El periodista español Gonzalo Castañón
Il giornalista spagnolo Gonzalo Castañón.

I resti degli otto studenti di medicina sono stati trovati dopo sedici anni di ricerca instancabile, perché la circolare 125 del Vescovato dell’Avana era stata loro applicata, dove è stato stabilito, tra le altre cose, che “le spoglie mortali di coloro che non meritano sepoltura ecclesiastica sono sepolte all’esterno dei cimiteri”, una disposizione che non è stata promulgata per lo scopo utilizzato , ma per coloro che non erano cattolici. Furono poi temporaneamente depositati nella cappella della famiglia Alvarez de la Campa.

Fermín Valdés Domínguez dice nel suo testo: “Già riesuma i resti dei miei otto colleghi, diversi giornali hanno iniziato un abbonamento pubblico, al fine di erigere loro un modesto mausoleo […] presto verrà eretto questo pio monumento, sotto il quale rimarranno quei preziosi resti, che devono essere sempre venerati da tutti i cubani e rispettati da coloro che sanno piangere le disgrazie della patria”.1 Questo tributo scultoreo, situato nel cimitero di Colombo e quello di La Punta, che è meglio conosciuto, sarà il tema di oggi. È giusto e necessario dedicare i seguenti quartetti a questi siti di grande valore storico.
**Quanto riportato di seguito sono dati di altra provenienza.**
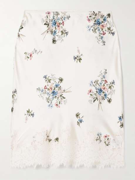 DÔEN Elowette lace-trimmed floral-print silk-satin skirt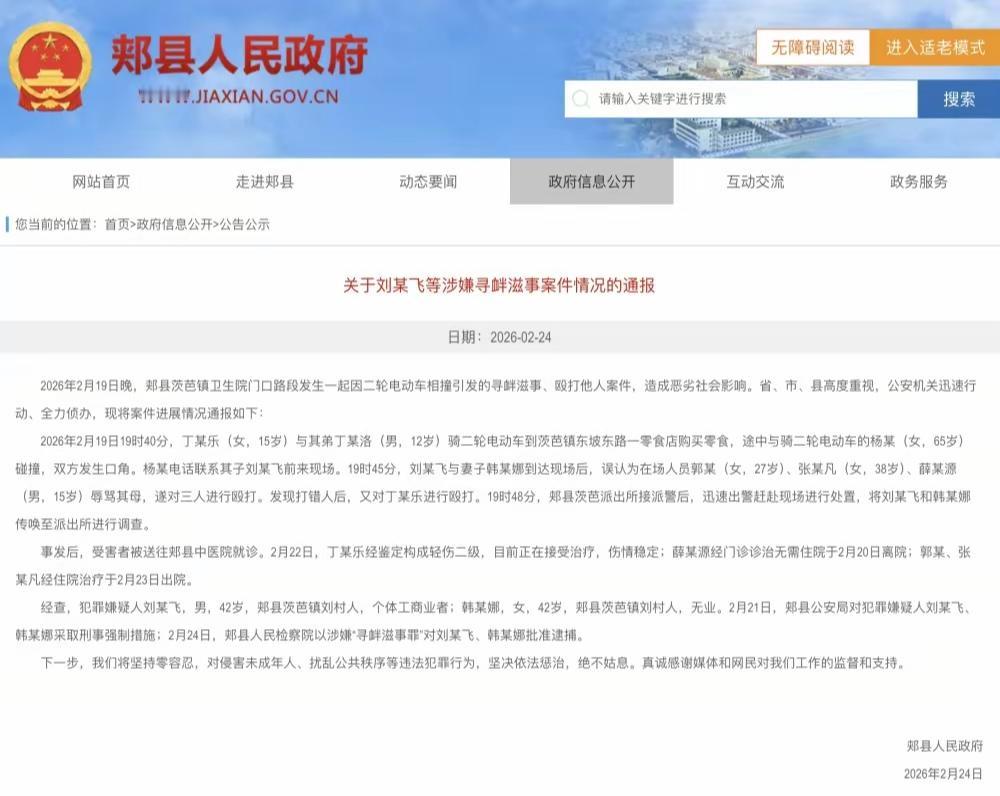 夫妻当街殴打15岁女孩,河南平顶山官方再通报,抓得不冤。 电动车与电动车发生碰

Riassumono anni dei deflos di un grande cubano e degli sforzi di un popolo per salvaguardare la memoria dei suoi figli innocenti.

Assumendo la conoscenza dell’instancabile lavoro di Fermín Valdés Domínguez, che, anche nel bel mezzo del periodo coloniale, non cessò di dimostrare la verità, allora è necessario riconoscere la sua campagna sulla stampa dell’epoca, principalmente sul giornale La Lucha, per risvegliare la volontà tra i cubani di erigere alle vittime un monumento nel cimitero di Colombo e che diventa “Il tributo più eloquente di amore e misericordia del nostro popolo”.2 A questa campagna si sono aggiunti altri giornali che circolavano all’Avana e nel resto del Paese. Hanno anche avviato abbonamenti pubblici tassati per lo stesso scopo. Fu sul giornale El Cubano, diretto da Antonio Zambrana, che fu convocata una riunione il 15 febbraio 1887, a Calle Prado numero 71, ex casa di Céspedes, sede del Circolo Autonomista. I dettagli degli abbonamenti pubblici sono stati finalizzati lì, lasciando gli studenti di medicina dell’università responsabili delle collezioni. Fu anche creata una commissione di personalità rispettabili dell’epoca, con Fermin al timone, che sarebbe stato il direttore del progetto del mausoleo.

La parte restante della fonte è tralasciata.